Update the node configuration.

This rebuilds the templates and formats them so the “final” variables take on directory names based on the given configuration. This a

FIXME:

Gotcha: Calling this twice with a new config will reset the configuration. These nodes are stateful, so we should maintain and update state, not reset it. If we need to reset to defaults, there should be a method for that. Can work around by passing self.config as the first argument.

property condensed

This is the dictionary that supplies the templated strings with the values we will finalize them with. We may want to change the name.

property final_config

This is not really “final” in the aggregate sense. It is more of a “finalized” requested config.

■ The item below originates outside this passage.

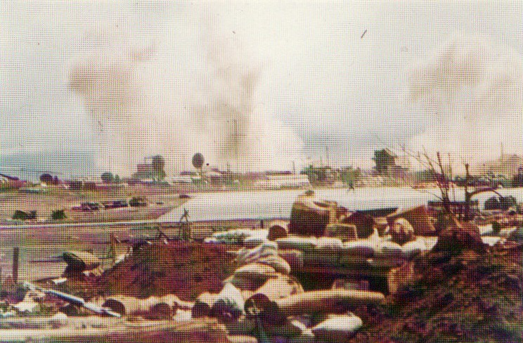 Shells fall around Khe Sanh Combat Base, c. 1968.

property final_perf_config
property final_algo_config
property final_in_paths
property template_out_paths

template out paths are not impacted by out path config overrides, but the final out paths are.

SeeAlso:

ProcessNode.final_out_paths()

Type:

Note

property final_out_paths

These are the locations each output will actually be written to.

This is based on ProcessNode.template_out_paths() as well as any manual overrides specified in self.config.

property final_node_dpath

The configured directory where all outputs are relative to.

property final_root_dpath
property template_group_dpath

The template for the directory where the configured node dpath will be placed.

property template_node_dpath

The template for the configured directory where all outputs are relative to.

property template_root_dpath
predecessor_process_nodes()[source]

Process nodes that this one depends on.

successor_process_nodes()[source]

Process nodes that depend on this one.

ancestor_process_nodes()[source]

Example

>>> from geowatch.mlops.pipeline_nodes import *  # NOQA
>>> pipe = Pipeline.demo()
>>> self = pipe.node_dict['node_C1']
>>> ancestors = self.ancestor_process_nodes()
>>> print('ancestors = {}'.format(ub.urepr(ancestors, nl=1)))
property depends

The mapping from ancestor and self node names to their algorithm ids Should probably rename.

property algo_id: str

A unique id to represent the output of a deterministic process.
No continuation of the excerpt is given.